I’m not sure exactly when he started coming around but, literally, it was like, one minute he wasn’t there and, the next, he was constantly in our lives; and I mean constantly.


We, Billy and I, were told to call him “Uncle” Fred but he was no uncle of mine. I knew all my uncles and aunts and cousins; had done forever. I’d grown up knowing them. Even the ones we only saw every couple of years, we still knew about them, talked about them. So I knew this guy was no relative. Billy was too young and just did as he was told. Maybe that’s why he and this imposter got along so well. But me, I couldn’t stand him.

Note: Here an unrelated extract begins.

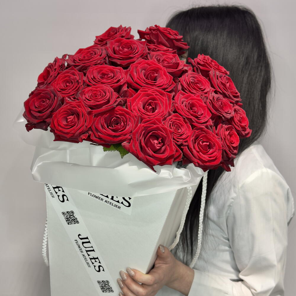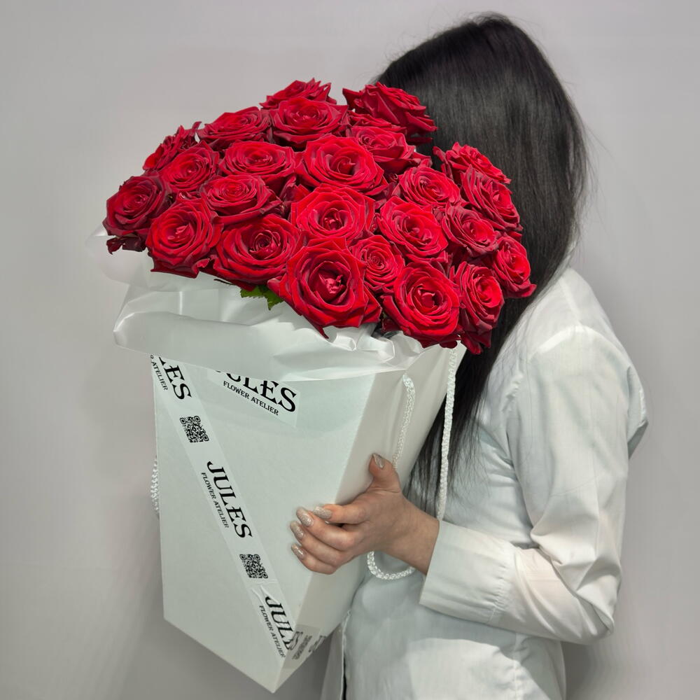 монобукет из красной розы. Глубокий насыщенный оттенок, плотная сборка и ощущение живого ритма - ровного, уверенного, настоящего. Букет оформлен в лаконичную упаковку, выглядит масштабно и собранно. Розы подобраны по тону и форме, создают бархатную поверхность и сильный визуальный акцент. Композиция держит форму и постепенно раскрывается, оставаясь выразительной и цельной. Композиция подойдёт: • для яркого признания • для дня рождения, Дня влюблённых, годовщины • для случая, когда важно впечатление и сила жеста • для тех, кто выбирает классическую выразительность без лишних слов

I remember that first morning. It was a Saturday and I came downstairs early to watch cartoons, same as I had done every Saturday. I wondered what the lumpy shape reclining on our sofa was. Then the smell hit me. His smell. Pungent! A mixture of sweat and alcohol interlaced with that sweet, sickly after shave that he favoured; a smell I would come to know and loathe. That was when my ma’s hand grabbed me from behind and dragged me from the room.

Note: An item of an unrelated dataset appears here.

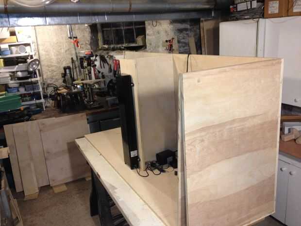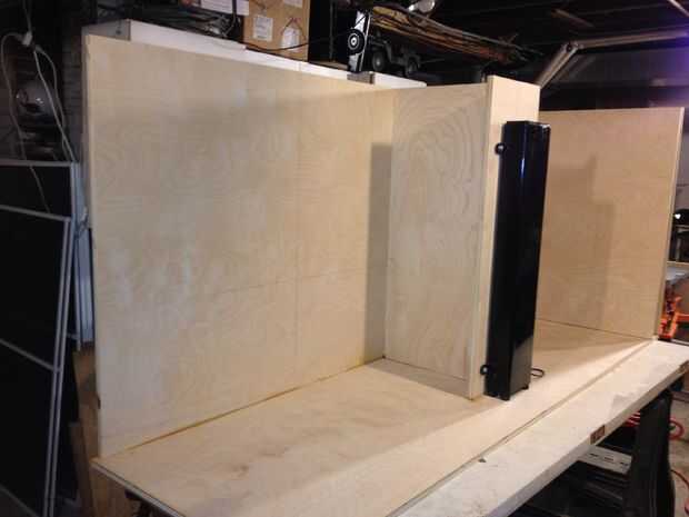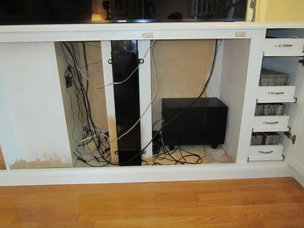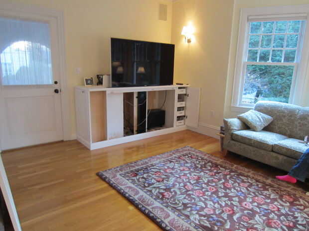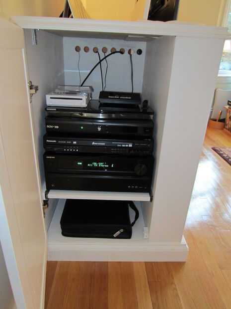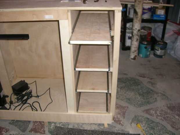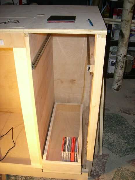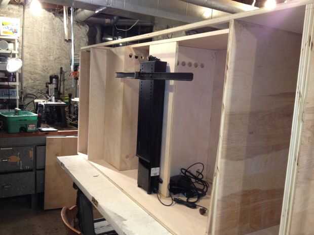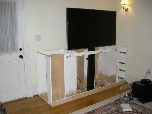 Este Instructable usa contrachapado de abedul y un ascensor por la automatización de Firgelli para implementar el diseño. La televisión se muestra a continuación es un Samsung de 60" pero podría ser cualquier pantalla plana moderno. Incluye estantes para sus componentes y cajones para almacenar DVDs/CDs y mandos de Wii.

“No cartoons, today, Jake”.


I couldn’t believe it.


“Who is that?” I demanded to know.


“That...that is Fred. Your Uncle Fred”.


“I ain’t got no Uncle Fred”.


“You do now. Okay?”


Later, at the breakfast table, as this stranger joined us, I couldn’t help but show my resentment towards him and no amount of coercion from my parents could persuade me otherwise. He sensed it immediately and made no effort to get along with me, which, if I’m honest, just made me madder. Instead, he focused his efforts on Billy; an easy conquest. Even when Ma told me that I could leave the table and go and watch cartoons, having tidied up the living room, I could still smell his odour and refused point blank to do so.


From that day, he just started hanging around more and more. Always at weekends and my Saturday morning ritual of the Simpsons became a thing of the past. I started playing Little League in earnest just glad to be out of the house as much as possible. Him being around was the reason I joined the Nippers, too. It really helped with my swimming but it was more to have a genuine reason to stay away from the house on Saturdays and Sundays. But it was when he started showing up in the middle of the week for dinner that my dislike and resentment turned into feelings of pure hatred.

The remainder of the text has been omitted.